(Listed entries)
'''
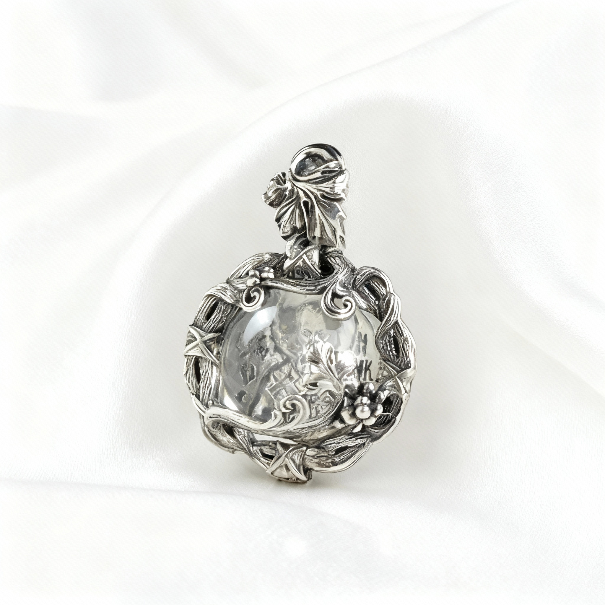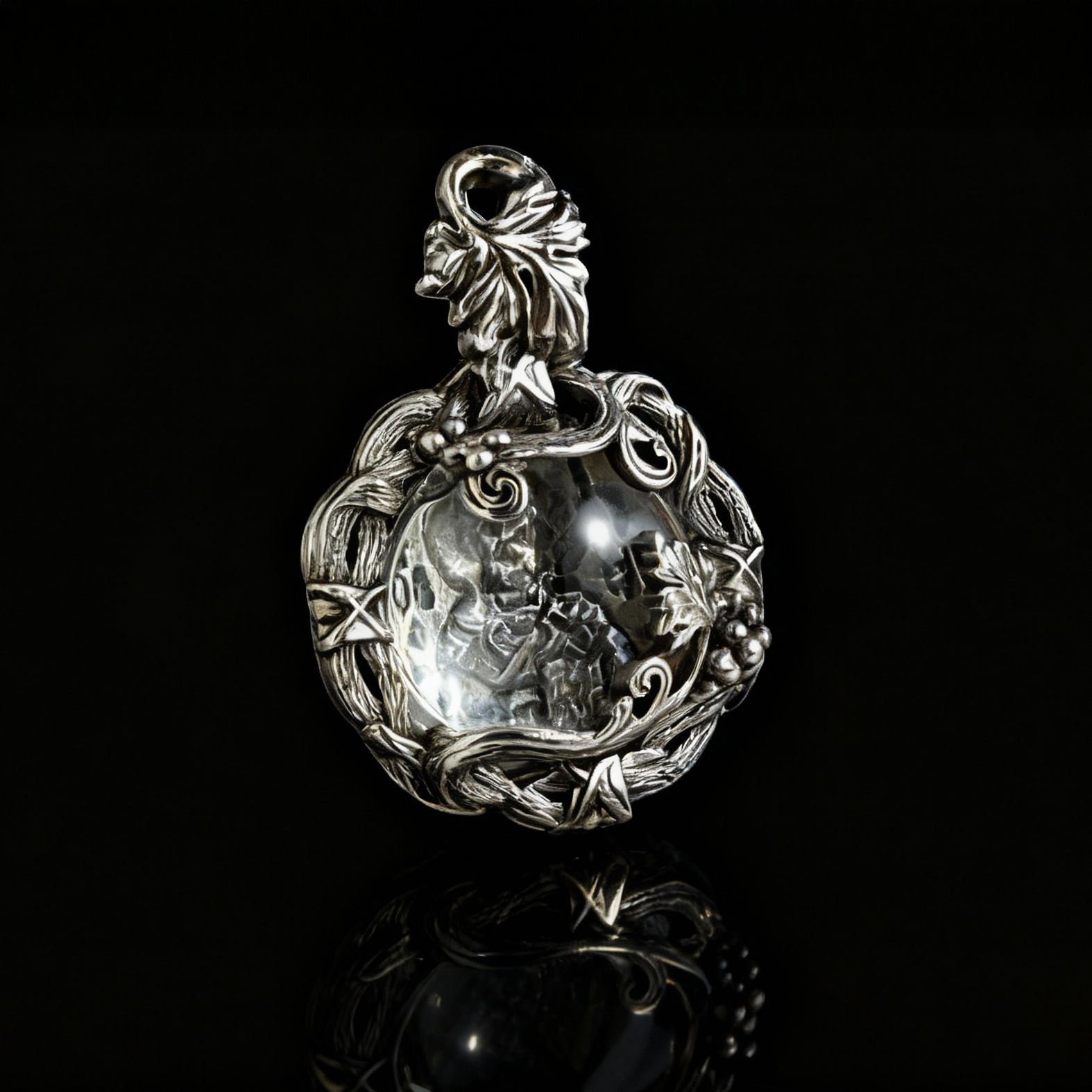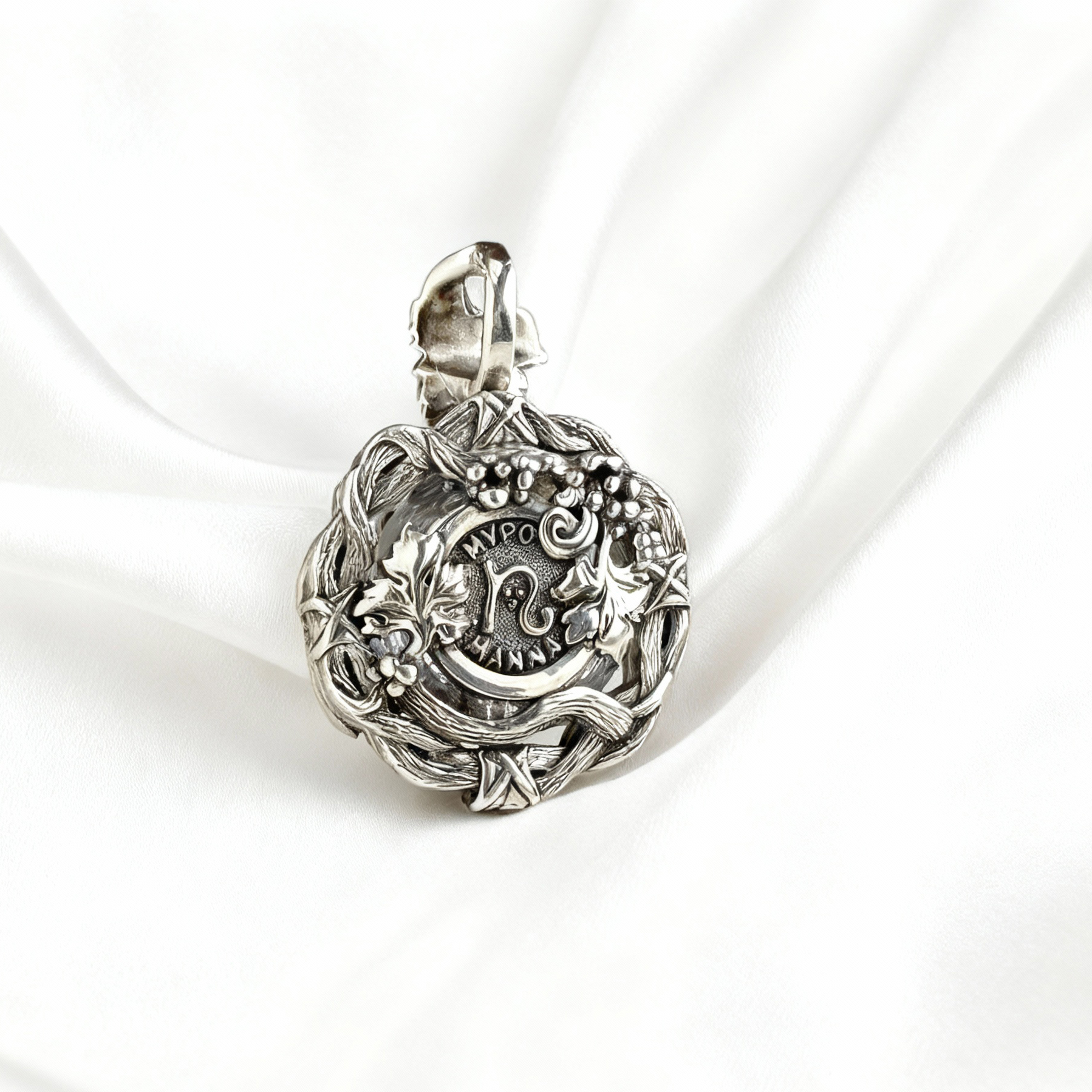 Подвеска «Святой Николай с Благодатным Миро» создана из серебра 925-й пробы и украшена виноградной лозой, бережно обвивающей образ святого. Этот символ восходит к словам Христа: «Я есмь истинная виноградная Лоза, а вы — ветви» (Ин. 15:5). Лоза олицетворяет Спасителя, а гроздья винограда — всех христиан, соединённых в вере.
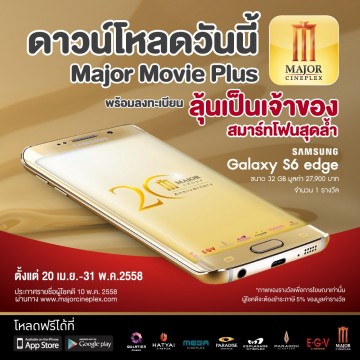 • สิทธิพิเศษเฉพาะผู้ที่ดาวน์โหลด Application Major Movie Plus ระหว่างวันที่ 20 เม.ย.- 31 พ.ค. 2558 เท่านั้น
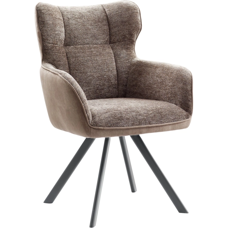 Deze eetkamerstoel heeft een luxe duo-stoffering. Aan de binnenkant van de rug en de zit een zachte comfortabele bekleding en aan de buitenzijde een gladde microvezelstof. De rug van de stoel is voorzien van een mooi vierkant stiksel en rondom is de kuip afgewerkt met een prachtige bies. De metalen poot in grafietkleur is draaibaar. Dit alles maakt model Joah een echte eyecatcher in jouw interieur!
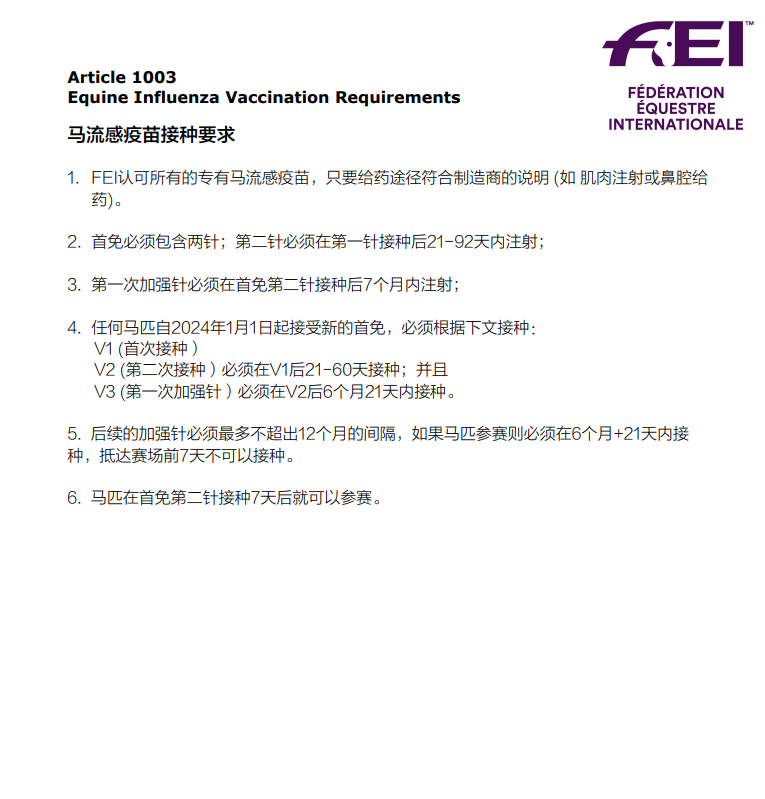 各參賽運動隊于2024年1月25日報到,報道的同時提交馬匹護照和馬匹檢疫證明,未提交相關(guān)證明的馬匹不得進入馬廄。參賽馬匹均須按國際馬聯(lián)相關(guān)規(guī)定注射流感疫苗,并在護照進行詳細記錄,無疫苗或疫苗不符合國際馬聯(lián)要求的馬匹,組委會有權(quán)拒絕其參賽。
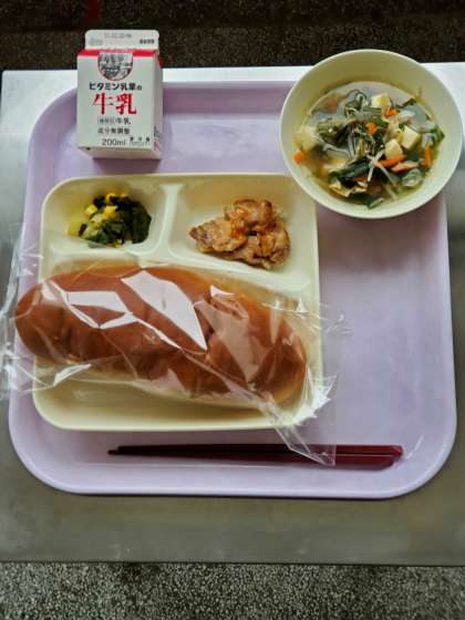 今日の献立は、鶏肉のオイスターソース焼き、中華スープ、チンゲン菜とコーンの中華あえ、黒糖パン、牛乳です。
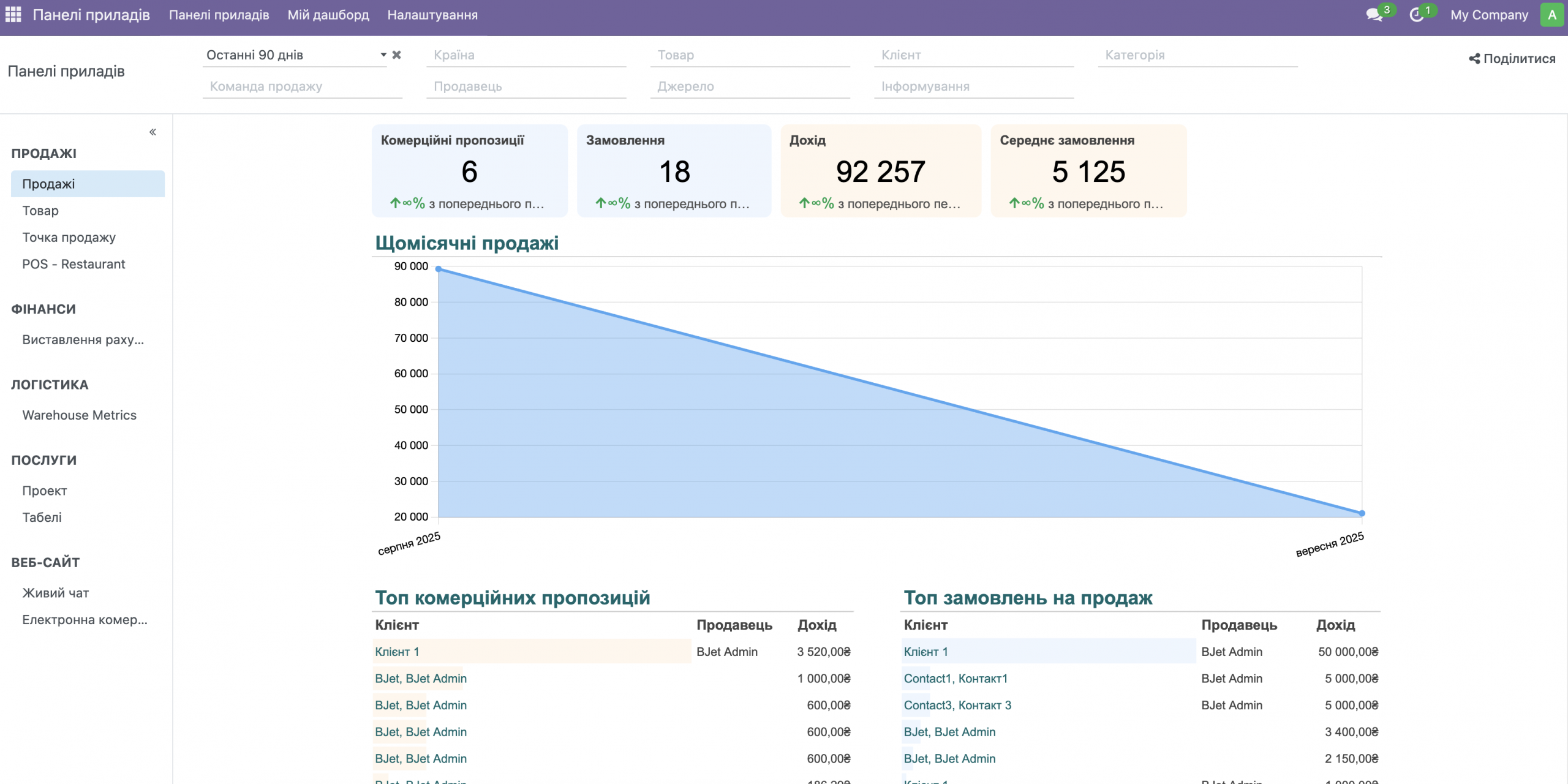 Odoo Community дає можливість бачити ключові показники бізнесу в одному місці – у зручному дашборді з даними в реальному часі.
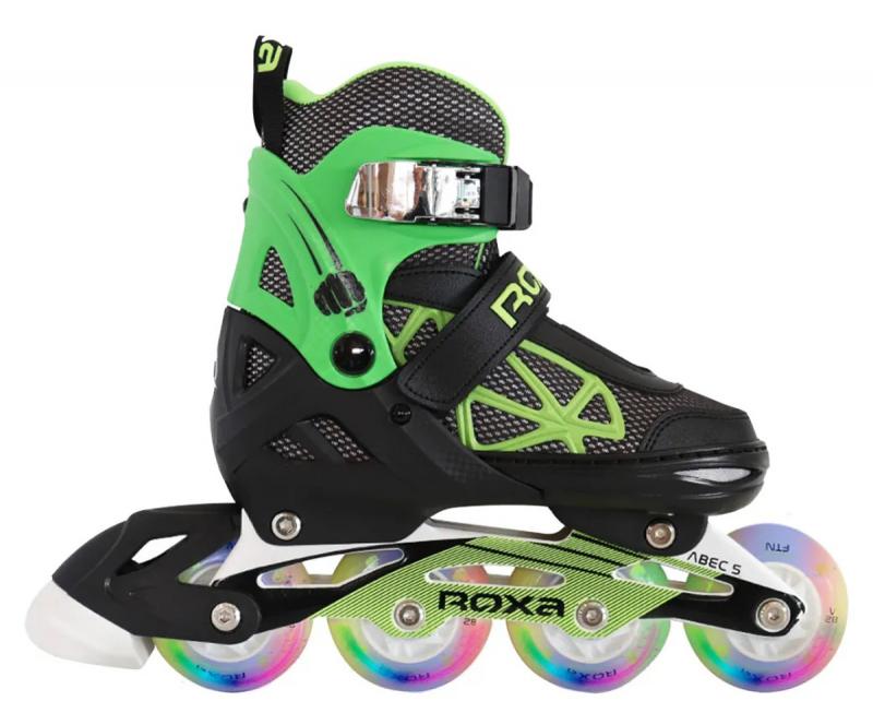 Detské kolieskové korčule s nastaviteľnou veľkosťou a svietiacimi kolieskami.Pevný skelet s mäkkou šnurovacou vnútornou topánkou. Velcro pásik a členková pracka.
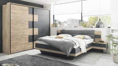 Armadio con ante scorrevoli, colore: rovere/grigio grafite, numero ante: 2, con tubo appendiabiti, misure: 270x210x60 cm, passepartout non incluso nel prezzo, 194793/1 Letto matrimoniale 180x200 cm, colore: rovere/grigio grafite, incl. 2 comodini e testiera imbottita, misure: 297x4699x212 cm, 194793/2
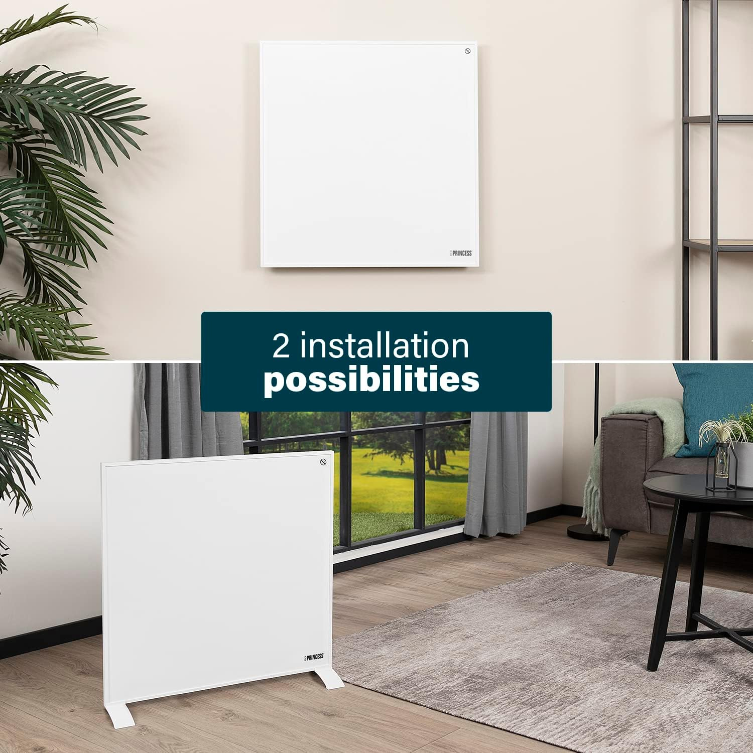 Stylish wall mountable 350W infrared panel heater for sustainable, quick and efficient heating. This Princess panel heater uses infrared technology to directly distribute heat evenly on near by people and objects.
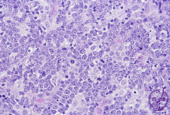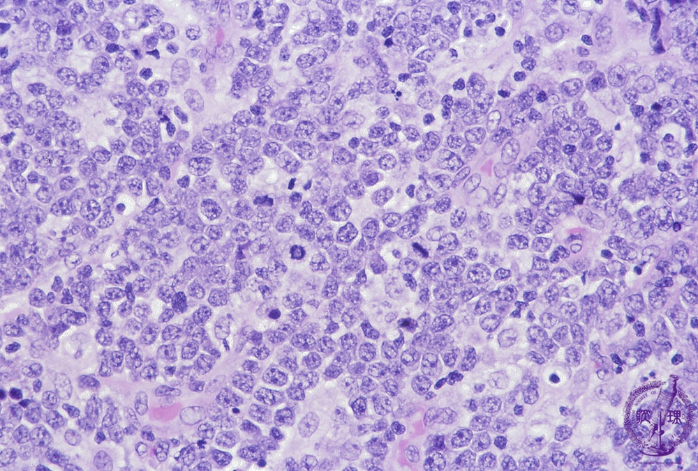 Microscopic image (H&E high power view): There is a diffuse proliferation comprised of small blast cells which contain scant cytoplasm and frequently display mitotic figures. Burkitt lymphoma primarily affects children and young adults. An association with EB virus (Epstein-Barr virus: EBV) is documented. Abnormally increased c-Myc gene expression is due to chromosomal translocation [t(8;14)].
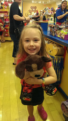 My 5 year old daughter, Natalia asked to go to Build-A-Bear Workshop and buy some clothing for her doggy for her birthday treat! We usually reward her on occasion with an outfit from Build A Bear and she has come to really enjoy going to the store and having the option of picking from so many things. My daughter gets to feel like she is really choosing something all on her own without hearing “no” multiple times because the items range in price from 2.00 and up so I don’t have to worry about her picking something out that is not in the budget
'''
Given the entries above, transcribe exactly the lines from the one holding "Odoo Community дає" through the one holding "Detské kolieskové korčule"; pictures do not belong in the transcription.

 Odoo Community дає можливість бачити ключові показники бізнесу в одному місці – у зручному дашборді з даними в реальному часі.
 Detské kolieskové korčule s nastaviteľnou veľkosťou a svietiacimi kolieskami.Pevný skelet s mäkkou šnurovacou vnútornou topánkou. Velcro pásik a členková pracka.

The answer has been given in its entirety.